Even those uncomfortable with Cinderella’s smut credit Harrison and Qdos for the show’s exuberance and lavishness. For Billington, it’s “eye-poppingly spectacular”, while for Cavendish, it’s “a very eye-pleasingly spectacle – complete with much flying over the stalls and a wedding-cake set of turrets and towers”.
There’s garlands of praise for Hugh Durrant’s costumes, which are “ridiculously garish and drowned in sparkles” according to Bowie-Sell, and “simply stunning” according to Crofts, who also lauds Andrew Wright’s choreography as “show-stopping”.

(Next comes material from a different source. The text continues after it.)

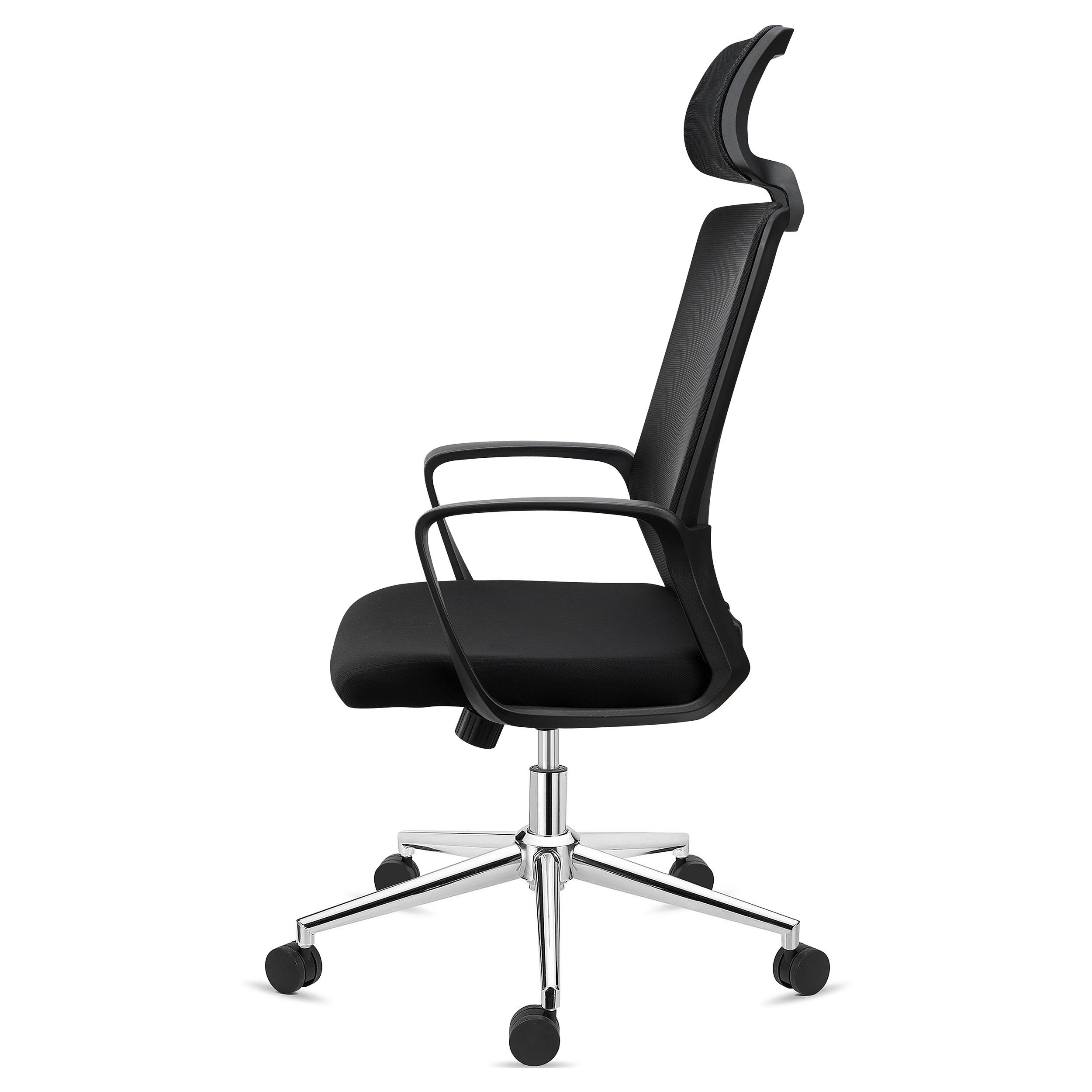 Designerskie podłokietniki łączą w sobie estetyczny wygląd z dużą wytrzymałością. Zostały zaprojektowane, aby ułatwić przyjęcie prawidłowej postawy podczas siedzenia, co skutkuje również większą wygodą. Ten model posiada także zagłówek pokryty siatką stanowiący doskonałe wsparcie głowy. Jest ono szczególnie ważne dla ochrony odcinka szyjnego podczas długotrwałej pracy na siedząco.

By all accounts, there’s an awful lot to marvel at. “Holden as the Fairy Godmother flies out into the audience,” squeals Vale, like a child on Christmas morning, “there’s a whole squadron of guardsman dancing Busby Berkley-style to Clary’s rendition of Downtown and Ian Westbrook’s settings are a riot of perspective.”
One clunky note amid this riotous symphony is Cinders’ transformation scene, which is “rather clumsy” according to Veronica Lee (The Arts Desk,★★★★) and “a bit of a let-down” for Vale, who’s calmed down a bit now.
One thing is for sure, though; Tony Peters (Radio Times,★★★★) seems to get it spot on when he remarks that “to describe this Cinderella as over the top feels like something of an understatement, but it’s in a good way.”
Dominic Maxwell (Times,★★★★) concurs. “There are certainly faults with this disarmingly excessive production”, he writes, “but doing things by halves is not one of them.”
It probably depends who you are. If you’re a five-year-old, you might be wowed by the visuals, but unable to appreciate the finer points of Clary’s saucy innuendo. If you’re a 50-year-old with a five-year old, you might enjoy both, but fret that Clary’s banter has permanently scarred your companion for life.
If you hate panto, you’ll hate Cinderella. If you can’t get enough of it, then this, the first festive show at the Palladium for three decades, is probably one you don’t want to miss. Oh no it isn’t.
It is, as Rod McPhee (Mirror) confirms, “a turbo-charged panto of epic proportions”.